Relationships & Knapp’s model
The relationship I will be discussing is the intimate relationship I previously had with person of the opposite sex or in other words, my ex-girlfriend. It is a past relationship wherein the girl and I had built an intimate relationship based on friendship and companionship. I had met this girl during my first years at university and although we didn’t instantly click we built our relationship on friendship. She was great to be around and I could feel like I was myself. We could always make one another laugh and we were extremely compatible in terms of intimacy and what we expected from the other person. I especially liked how kind and open she was to my vulnerabilities –she made me feel like everything would be ok and at the same time, I always felt excited to be around her. But we both had probably too many weaknesses and insecurities because the relationship came to a somewhat abrupt end. It seemed as if it would be just another argument that would eventually smooth itself out, however before we were fully aware at what had happened, we had broken up and were no longer a couple.
According to Knapp’s 10 Stages of Relationship Development, I can go through this past relationship of mine and examine where my relation had its weaknesses and what stages my ex-girlfriend and I went through during the course of our relationship.

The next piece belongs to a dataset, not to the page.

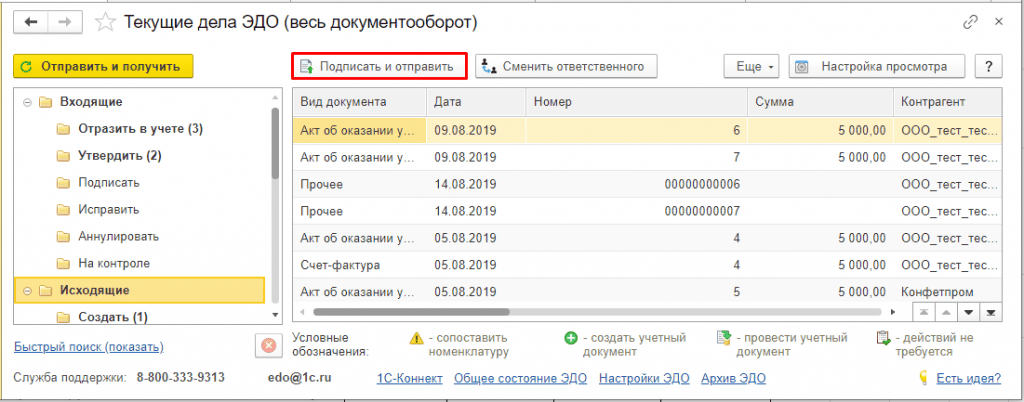 При выполнении команды Подписать и отправить из папки Исходящие страницы Текущие дела ЭДО, открываемой по гиперссылке панели команд Текущие дела ЭДО (раздел Администрирование - подраздел Сервис или раздел Руководителю - подраздел Сервис, или раздел Покупки - подраздел Сервис):

The first half of the relationship moved toward the bonding stage. Initiation would have been our meeting one another during a particularly boring lecture and agreeing to meet later that weekend at an apartment party and experimentation would have been the time from the party until a few weeks later during which time we met a few times under the guise of “studying” or grabbing a bite to eat, or simply talking about who we knew, what we thought of the class and what our plans were for the coming weekend. Intensification began when we started to kiss one another and go home together after late drunken nights and intensified immensely when we realized we appreciated one another’s company outside class or the pretext of being drunk. We had fun during the integration stage of our relationship, finding silliness in the way our clothes swapped closets and how often, our toothbrushes were left at the other’s apartment. I had even given her the keys to my apartment and she the keys to hers so that we could come pick up things we might have left behind the night before and found we needed the next morning. In college, bonding is about this stage as well, always reluctant to move deeper into a relationship since both parties are always expecting “someone better” to come along. At least that’s what I believed.